> EXERCISE DETAILS
Scan the listing below and copy every line holding "restablir".
=-=-=-=-=
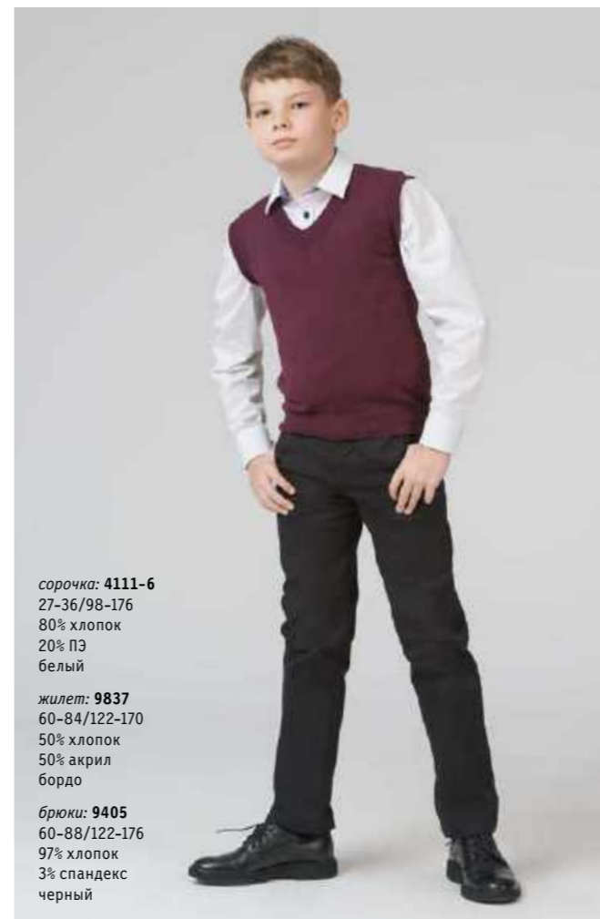
сорочка: 4111-6 27-36/98-176 80% хлопок 20% ПЭ белый жилет: 9837 60-84/122-170 50% хлопок 50% акрил бордо брюки: 9405 60-88/122-176 97% хлопок 3% спандекс черный
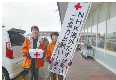
NHK海外たすけあい運動

一人でも多くの方々が防災に関心を持っていただけるように頑張っていきたいと思っております。
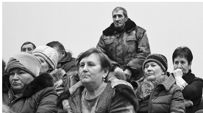
Идет сход граждан в Пеганово.

о расходах и доходах местного бюджета, ознакомила собравшихся с краткими итогами социально-экономического состояния территории за прошедший год.
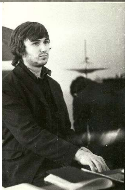
The Black Lines. ДК «Юность». 1968 год.
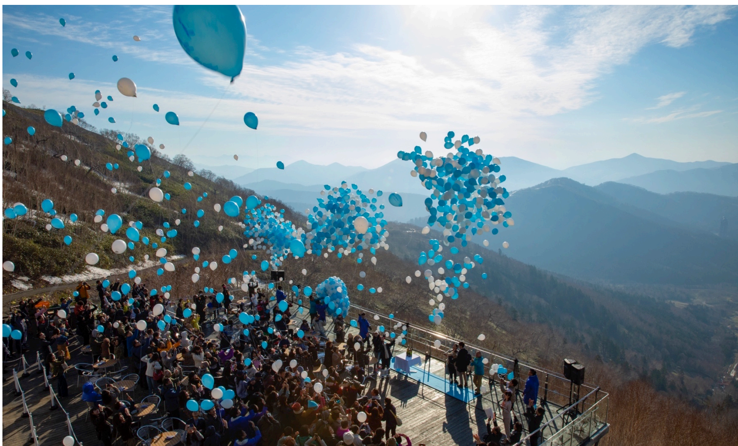
*この画像は2018年のオープニングセレモニーの様子です。

北海道最大級の滞在型リゾート「星野リゾート トナム」は、2019年の「雲海テラス」の営業開始日である5月11日に、オープニングセレモニーを開催します。これは、お客様と一緒にバルーンリリースとシャンパンオープンを行うセレモニーです。「今年もたくさんの方が雲海に出会えますように」という願いを込めて、バルーンリリースを行います。シャンパンオープンは立ち昇る泡の様に、今年も雲海がたくさん発生して欲しいという「豊雲」の願いを込めて行われます。加えて今年は、雲海テラスに向かう際に乗車するゴンドラに新たに登場する、雲がデザインされた「雲ゴンドラ」のお披露目もします。
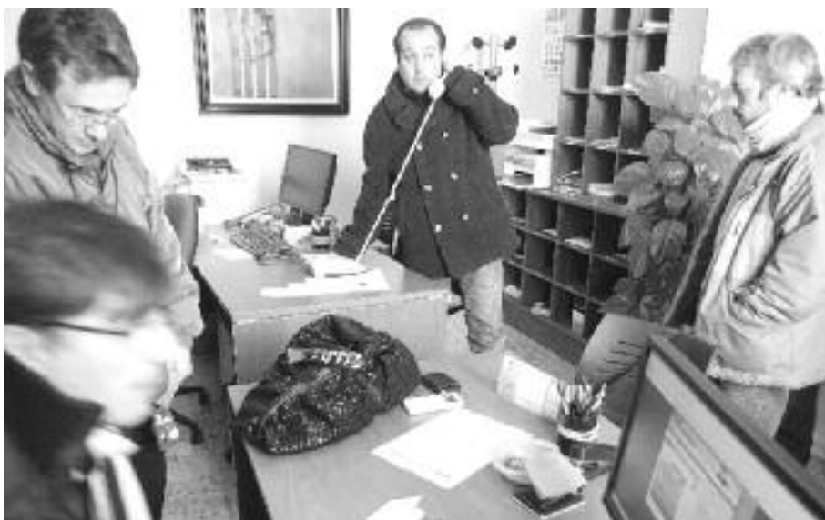
El dimecres 10 de març es van coordinar les feines per restablir els serveis des d'aquest despatx on hi havia un telèfon i un ordinador alimentats per un grup d'emergència.

El servei es va començar a restablir a par-
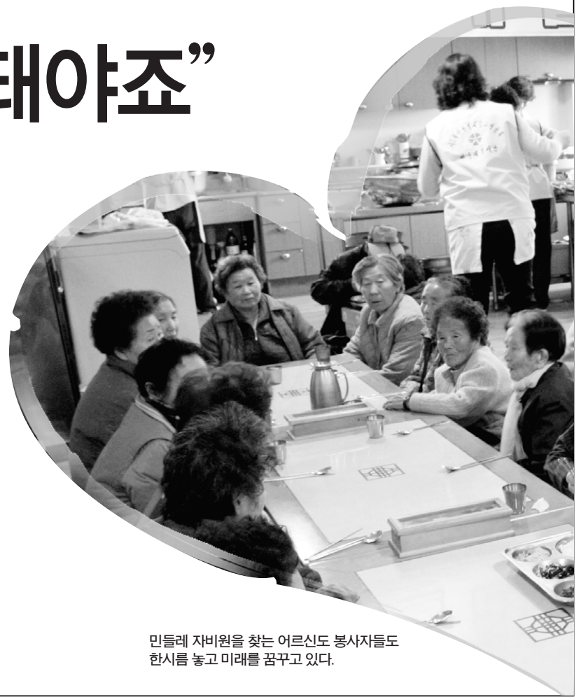
민들레 자비원을 찾는 어르신도 봉사자들도 한사를 놓고 미래를 꿈꾸고 있다.

앞으로 민들레 자비원은 봉사의 손길을 늘려 방학 기간 동안 급식을 받지 못하는 청소년 및 어린이들을 위한 급식을 마련할 예정이다. 또 나쁜 어른으로 줄어드는 후원금을 모금하고 정기적인 후원자 발굴 및 봉사자들을 모집할 계획이다. 현재 후원금은 두타 스님 사건 이후 약 400만원에서 100만여 원으로 줄어든 상황이다. 재정의 투명성을 강조하여 부산불교연합회는 매달 두 차례씩 민들레 자비원 다음 공식카페(cafe.daum.net/lovedandelion)에 지출 내역 및 후원금을 공개하고 있다. 부산불교연합회는 정기적으로 모금 운동을 해 줄 후원자·봉사자, 쌀 및 부식거리를 지원해 줄 동참자를 찾고 있다. (051)867-0501
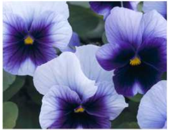
ビーコンインプ 株張りが改良されたビーコンカラー。
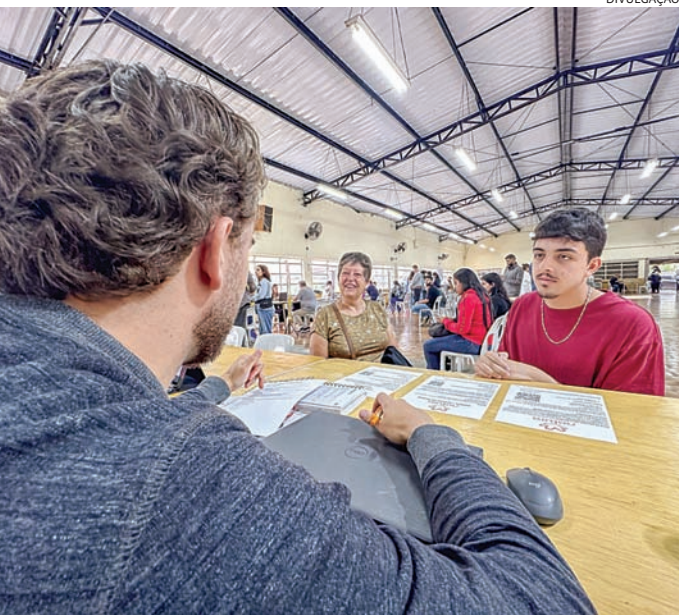
Serão ofertas para vários tipos de empresas e cargos

a presença do Sesi Jundiaí, que irá apresentar o programa SEJA PRO+ Trabalho e Emprego. A iniciativa busca oferecer uma segunda oportunidade para jovens entre 18 e 29 anos concluir a Educação Básica, obter qualificação técnica e ampliarem o acesso ao mundo do trabalho.
=-=-=-=-=
> RESPONSE
El dimecres 10 de març es van coordinar les feines per restablir els serveis des d'aquest despatx on hi havia un telèfon i un ordinador alimentats per un grup d'emergència.
El servei es va començar a restablir a par-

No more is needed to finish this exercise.